“There’s a Lupicus kill (1.5 million HP) with a pure condi-warrior which took like 6 1/2 minutes, which is on par with direct damage kills.”
The key word in that sentence is “a”.
“Condition damage rocks in PvP. Who cares about PvE DPS?”
People who play PvE.
“You in a hurry or something? Killing monsters is killing monsters, slow, fast, who cares really?”
People who participate in fights with a hard time limit.
Would be nice if, when adding content that they intend to be elite, they gate it with some small bit of instanced solo content that A) trains people in any new mechanics, and weeds out people who are going to be a problem for groups.
I don’t see why they even need to bother with stacks, especially if it’s a bandwidth issue.
If I was totally overhauling conditions the way they did MF, I would just give each condition skill a condition “damage” rating, which would be comparable in size to normal damage numbers. Every time you hit someone with a condition, it would add the “damage” to an “energy” pool for that condition, up until it reaches a cap which is somewhat proportional to max health (such that you can stack a lot more condition on a Legendary than a normal mob).

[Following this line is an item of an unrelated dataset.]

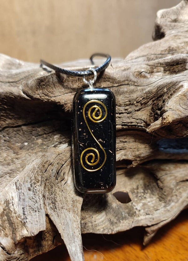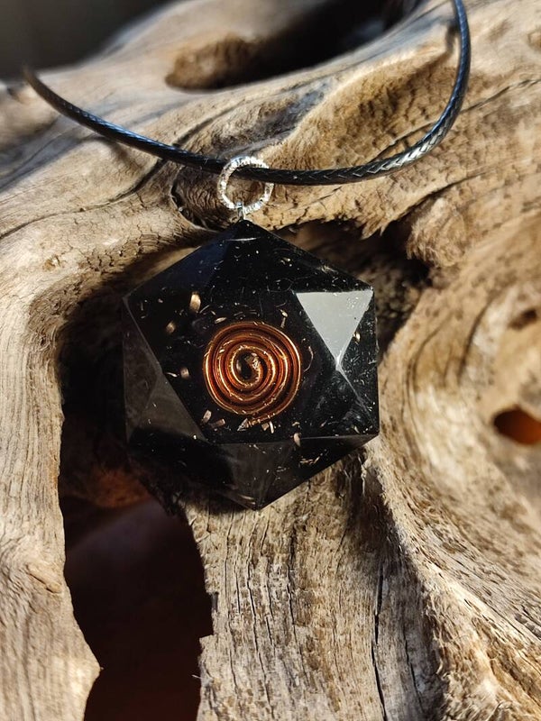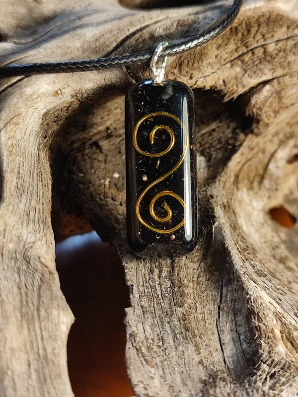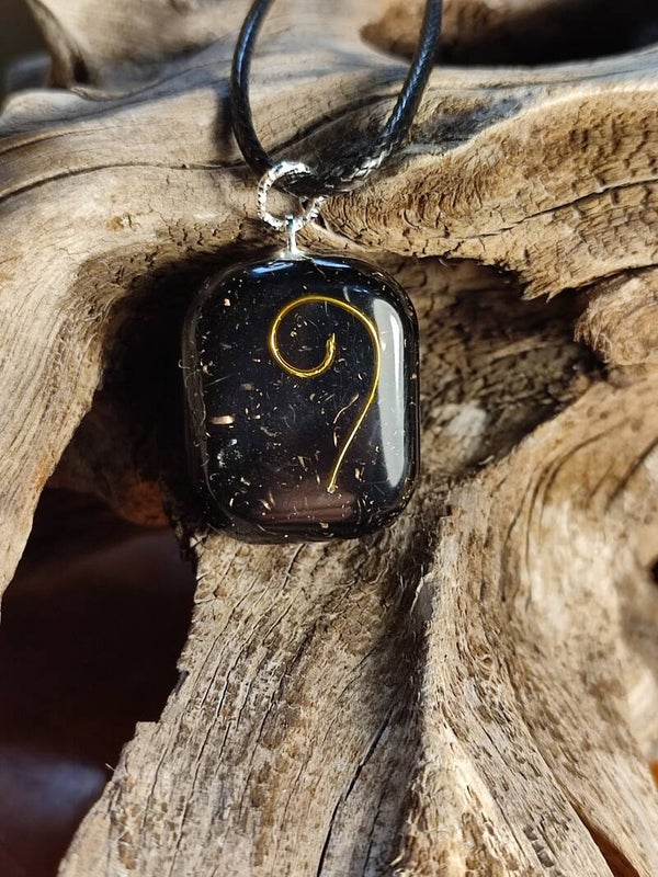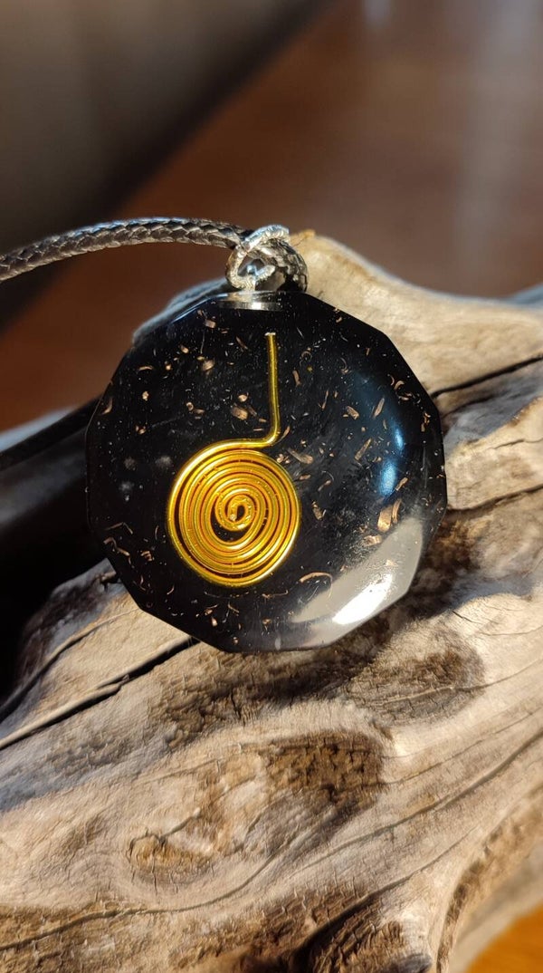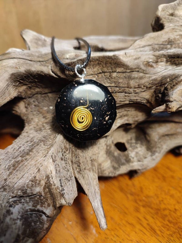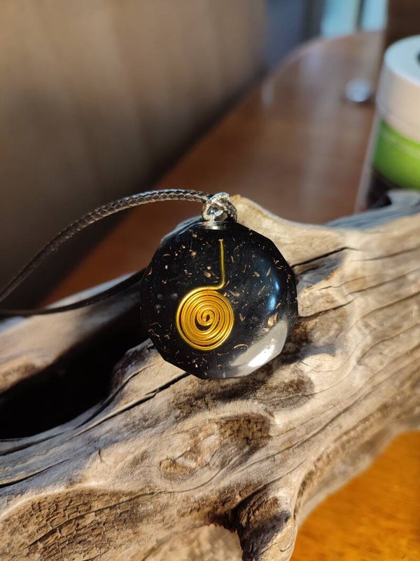 Black Tourmaline Organire pendants are made from pure Black Tourmaline powder, crystal chips, and copper filings, bound together with resin.

Every time the condition ticks or triggers, it would remove some condition “energy” and (for some conditions) do some damage.
DOT and triggered damage would be a function (differing for each condition type) of the amount of energy in the pool, with the net impact being that stacking is basically simulated, and there would be a much higher actual and max-possible rate on someone getting zerged by 40 people than on a veteran being solo’d.
Duration would just be a question of when the energy ran out, and UI info should be more of an advisory.
I can see a couple of issues arising:
1) You can’t feasibly distinguish between condition damage and condition duration, since each is an automatic function of condition energy.
2) Condition removal gets a little murkier, or possibly too powerful.
3) Without stacks, it is hard to convey how much condition is present on yourself or your target.
With regard to the first two, I think the best solution is to merge the offensive condition attributes into a single Condition Power attribute, and then add a Condition Resistance attribute. Condition Resistance would passively increase a condition’s energy loss with each tick or trigger (reducing duration) and would also boost the effect of Condition Removal skills. Conditional Removal would, in turn, be reworked to also have a “damage” rating rather than a yes/no. The “damage” could either hit a random condition or be spread out, as balance dictates, and would reduce the energy pool of each condition accordingly.
As for the UI, using parallel health bars might make more sense, especially if condition power is scaled to max health.